By the way, `int c[10] = {0};` is just as good for initializing the array. And you could memcmp with a constant-0 array to check the results with less code. :-)
@R: or use `find_if` - probably more code than the memcmp with 0-array, but more leet.
@R: Counting the digits is a type of sorting.
@jamesdlin: counting the digits is (the main part of) one method of sorting. If you don't actually assemble/output the sorted digits, though, then (1) you haven't sorted them, and (2) you've saved some time. Whether that time is measurable is another issue, but the fact is that this code does *not* sort the digits of `a` and `b`. It does have an intermediate state in which it would be easy to output the sorted digits of `a`.
A:

Well if you can build an 80GB table, you could always do:

``````int64 table[10000000000] = {0, blah blah..., 9999999999};

if (table[a] == table[b]) ...
``````
I think there are few enough equivalence classes that you don't need 64 bits. I should give you -1 for writing `int64` (some nonstandard weirdness..?!) instead of `int64_t` (ISO C)...
@R..: Gosh, sorry for being nonstandard (let alone weird). BillG forbid!
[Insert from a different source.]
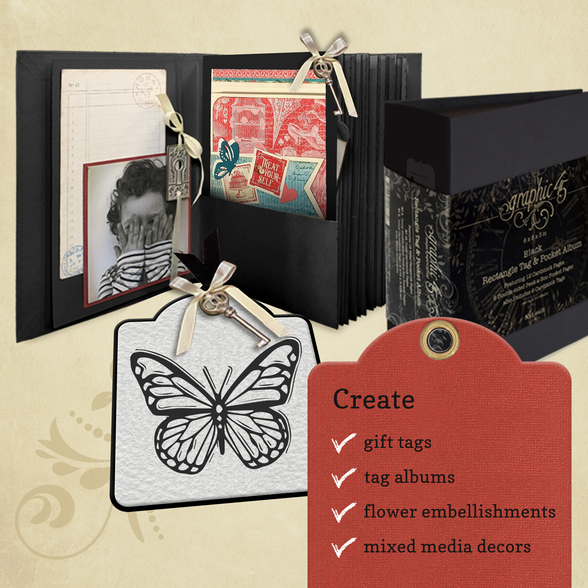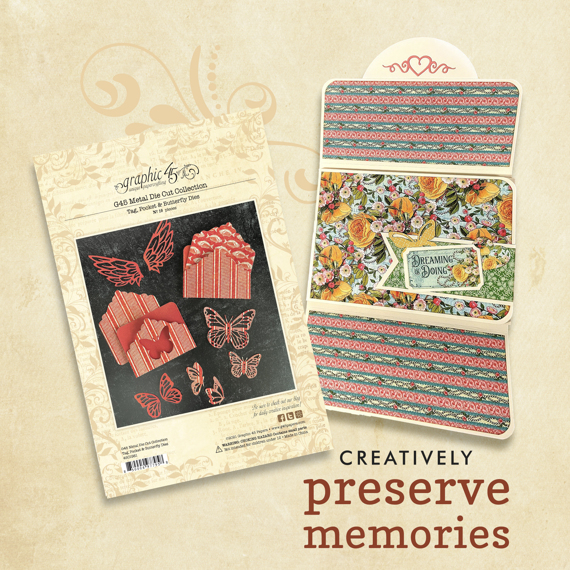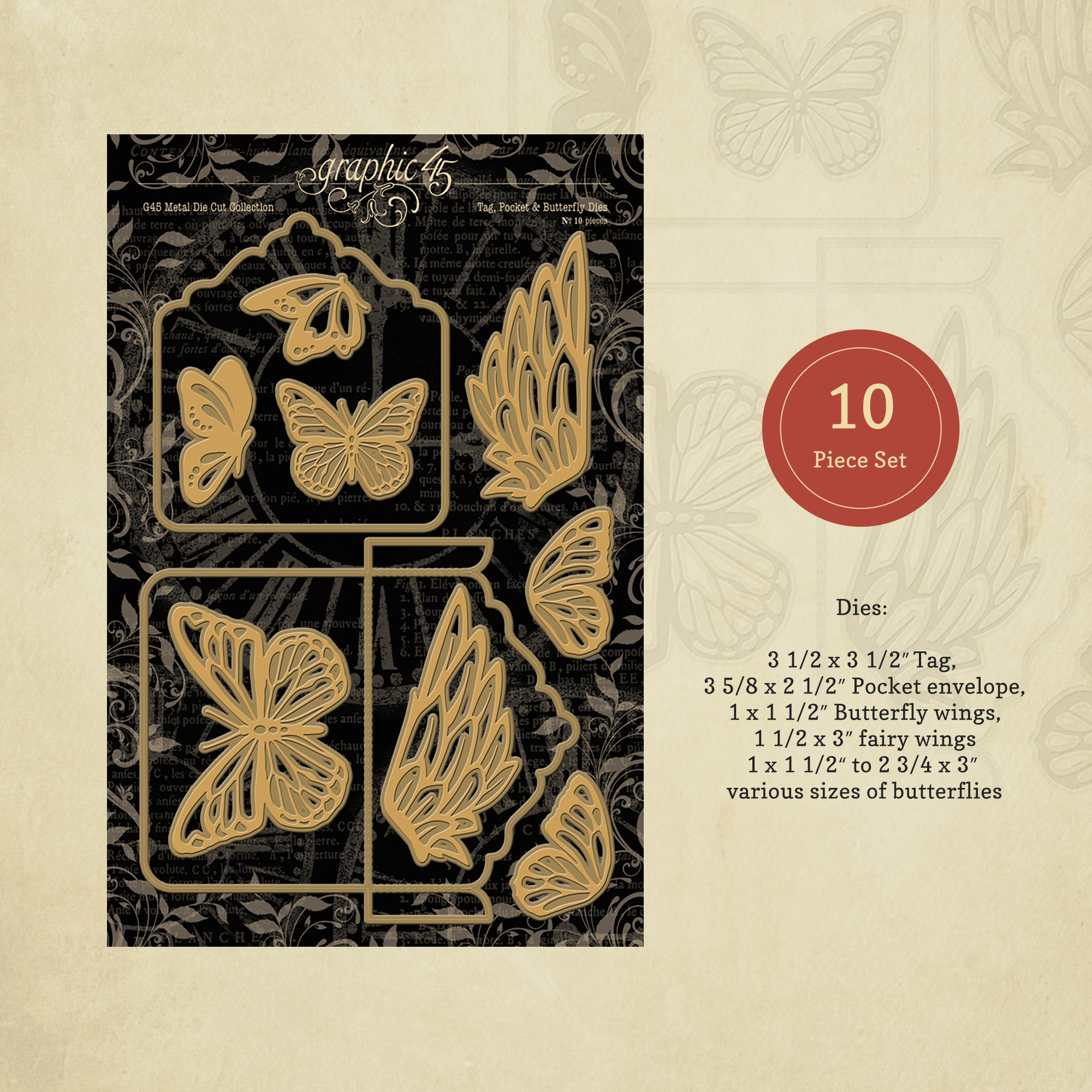 Graphic 45’s Tag, Pocket & Butterfly Metal Dies – SKU: 4501981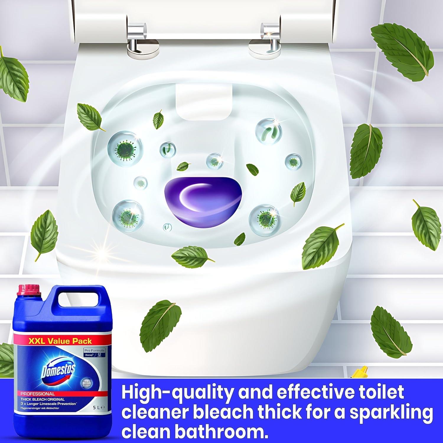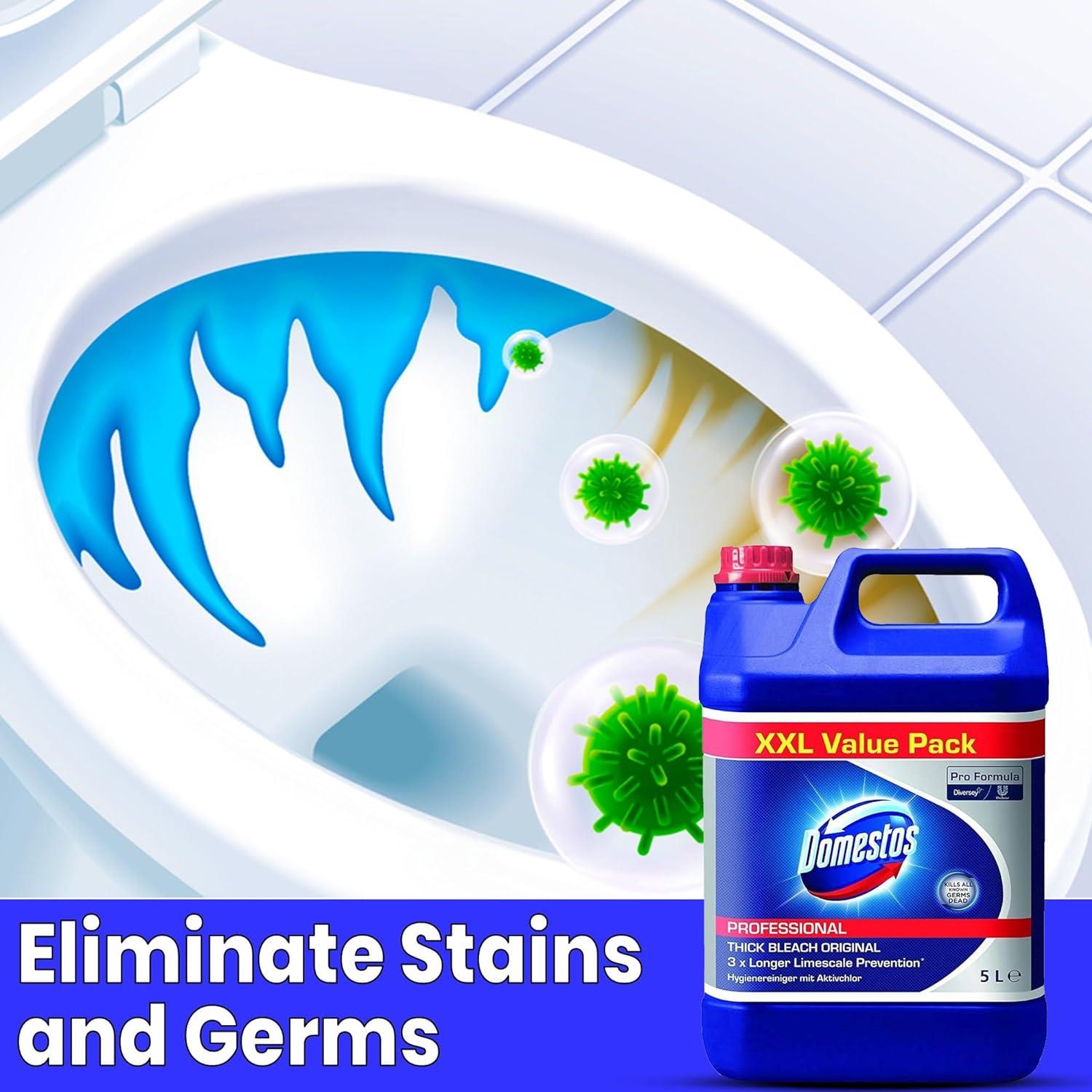 Domestos Pro Formula Original Thick Bleach is a powerful and advanced bleach designed to provide effective cleaning and germ-killing capabilities. This thick bleach is formulated with innovative ANTI-LIMESCALE active molecules that adhere below the waterline, targeting stains and preventing the buildup of limescale. Ideal for use in toilets, sinks, and waste areas, this bleach ensures a thorough clean while eliminating 99.9% of bacteria and viruses.

Anyway, you're right about fewer equivalence classes. In fact, I just did a brute-force count - 92378.
A:

Assuming you are in the domain of digits, how about

``````if
(
('1' ^ '2' ^ '3' == '3' ^ '1' ^ '2') &&
('1' + '2' + '3' == '3' + '1' + '2')
)
{
cout << "Yes\n";
}
else
{
cout << "No\n";
}
``````
I don't think this works...
Nope. Note that '0' ^ '3' == '1' ^ '2' for example.
Nice idea, though. If the digit sums are different, then they are not equivalent.
A:

If what i understood from your question correctly a permutation is a combination of the elements, which do not repeat. So if 123 is a valid permutation of 312 then so does

``````123,
213,
132,
321,
213,
``````

and so on.

So based on this assumption lets say you got two integers 123456789 and 129837456. (For simplicity i am also assuming that both numbers have equal length). If you understood the point then you might be able to check for different permutations and combination as well.

for that all you need to do is to get the integers of units out of the given number, e.g:

``````Number 123456789 is
1 * 100000000 +
2 * 10000000  +
3 * 1000000   +
4 * 100000    +
5 * 10000     +
6 * 1000      +
7 * 100       +
8 * 10        +
9
``````

or

``````1 * power(10, 8) +
2 * power(10, 7) +
3 * power(10, 6) +
4 * power(10, 5) +
5 * power(10, 4) +
6 * power(10, 3) +
7 * power(10, 2) +
8 * power(10, 1) +
9 * power(10, 0)
``````

i have literally given you algorithmic hint of how to do that so this can easily be done. once done you will end up with separate integers (better save these values in an array)

``````1, 2, 3, 4, 5, 6, 7, 8, 9
``````

Now

do the same for the other given integer so you will end up with another array of integers

``````1, 2, 9, 8, 3, 7, 4, 5, 6
``````

so now all you need to check is that if all of the integers of the second array are present in the first array of integers, if yes then they are a permutation of the integers of the first array or the first number.

I hope this helps.

your solutions is one of the possible solution but not efficient as compare to other solutions posted in this problem.
Well my solution wasn't actually a solution but rather a hint that will point to the solution or how we can achieve it. As i am an advocate of learn by your own practice and by others experience. So if i provide the whole solution i will be forcing him not to use his mind at all. And yes definitely there can be a number of optimization for calculation. But optimizations come only after we know what to do.